(Records for this task Opens)

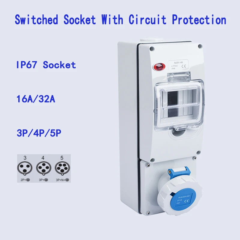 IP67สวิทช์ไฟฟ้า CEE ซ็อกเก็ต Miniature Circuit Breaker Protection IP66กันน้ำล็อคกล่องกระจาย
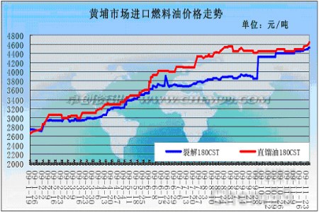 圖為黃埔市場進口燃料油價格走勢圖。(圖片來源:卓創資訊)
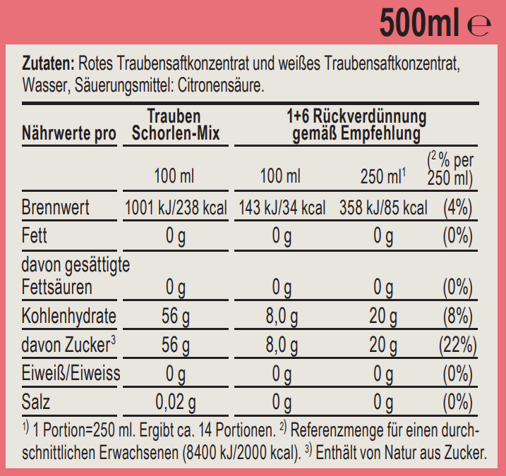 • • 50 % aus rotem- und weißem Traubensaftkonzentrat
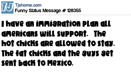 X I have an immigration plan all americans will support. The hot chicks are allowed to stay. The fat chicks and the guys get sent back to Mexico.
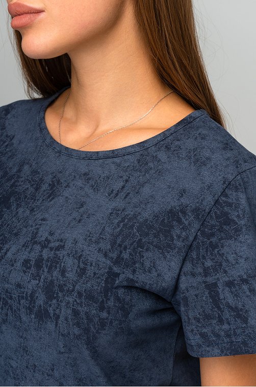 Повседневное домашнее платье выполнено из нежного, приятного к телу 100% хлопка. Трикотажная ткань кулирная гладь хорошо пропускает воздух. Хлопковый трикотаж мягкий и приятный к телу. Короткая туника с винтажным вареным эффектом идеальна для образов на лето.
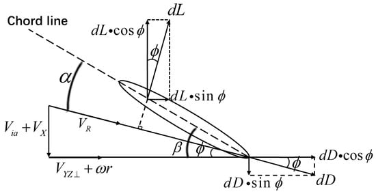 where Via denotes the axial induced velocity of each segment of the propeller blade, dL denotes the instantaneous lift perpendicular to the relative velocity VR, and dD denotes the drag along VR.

(Records for this task Closes)

What needs to be done: The entries above are to be repeated exactly, except for any pictures.

Response to this exercise:
 IP67สวิทช์ไฟฟ้า CEE ซ็อกเก็ต Miniature Circuit Breaker Protection IP66กันน้ำล็อคกล่องกระจาย
 圖為黃埔市場進口燃料油價格走勢圖。(圖片來源:卓創資訊)
 • • 50 % aus rotem- und weißem Traubensaftkonzentrat
 X I have an immigration plan all americans will support. The hot chicks are allowed to stay. The fat chicks and the guys get sent back to Mexico.
 Повседневное домашнее платье выполнено из нежного, приятного к телу 100% хлопка. Трикотажная ткань кулирная гладь хорошо пропускает воздух. Хлопковый трикотаж мягкий и приятный к телу. Короткая туника с винтажным вареным эффектом идеальна для образов на лето.
 where Via denotes the axial induced velocity of each segment of the propeller blade, dL denotes the instantaneous lift perpendicular to the relative velocity VR, and dD denotes the drag along VR.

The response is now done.